--- Exercise brief ---
What you return should be the lines from the one with "We have been" through the one with "Info édition : Copyright" in the data below, reproduced exactly with both ends, and no pictures at all.

--- Records for the exercise ---
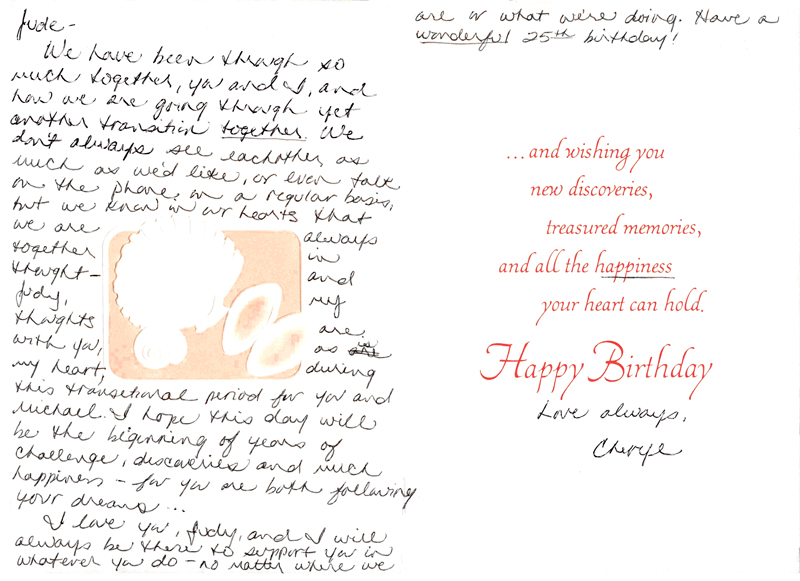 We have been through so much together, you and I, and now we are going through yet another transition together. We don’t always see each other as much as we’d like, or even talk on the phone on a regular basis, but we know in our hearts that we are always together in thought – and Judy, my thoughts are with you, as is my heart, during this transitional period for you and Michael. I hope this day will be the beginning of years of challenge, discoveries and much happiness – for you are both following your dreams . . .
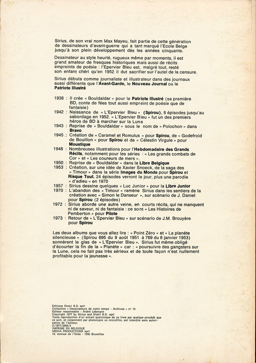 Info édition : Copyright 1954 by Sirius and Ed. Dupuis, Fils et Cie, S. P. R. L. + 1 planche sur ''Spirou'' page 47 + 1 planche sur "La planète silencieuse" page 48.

---

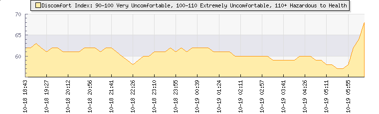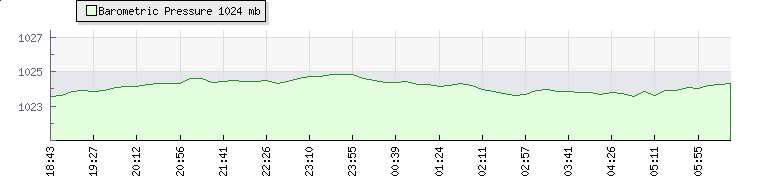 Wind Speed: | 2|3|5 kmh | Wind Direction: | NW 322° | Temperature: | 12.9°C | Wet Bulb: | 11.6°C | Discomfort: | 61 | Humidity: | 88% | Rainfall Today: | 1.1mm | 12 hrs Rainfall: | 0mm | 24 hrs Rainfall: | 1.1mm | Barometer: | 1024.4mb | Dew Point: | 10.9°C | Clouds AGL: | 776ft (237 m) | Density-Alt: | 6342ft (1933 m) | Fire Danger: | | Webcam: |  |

--- Task solution ---
 We have been through so much together, you and I, and now we are going through yet another transition together. We don’t always see each other as much as we’d like, or even talk on the phone on a regular basis, but we know in our hearts that we are always together in thought – and Judy, my thoughts are with you, as is my heart, during this transitional period for you and Michael. I hope this day will be the beginning of years of challenge, discoveries and much happiness – for you are both following your dreams . . .
 Info édition : Copyright 1954 by Sirius and Ed. Dupuis, Fils et Cie, S. P. R. L. + 1 planche sur ''Spirou'' page 47 + 1 planche sur "La planète silencieuse" page 48.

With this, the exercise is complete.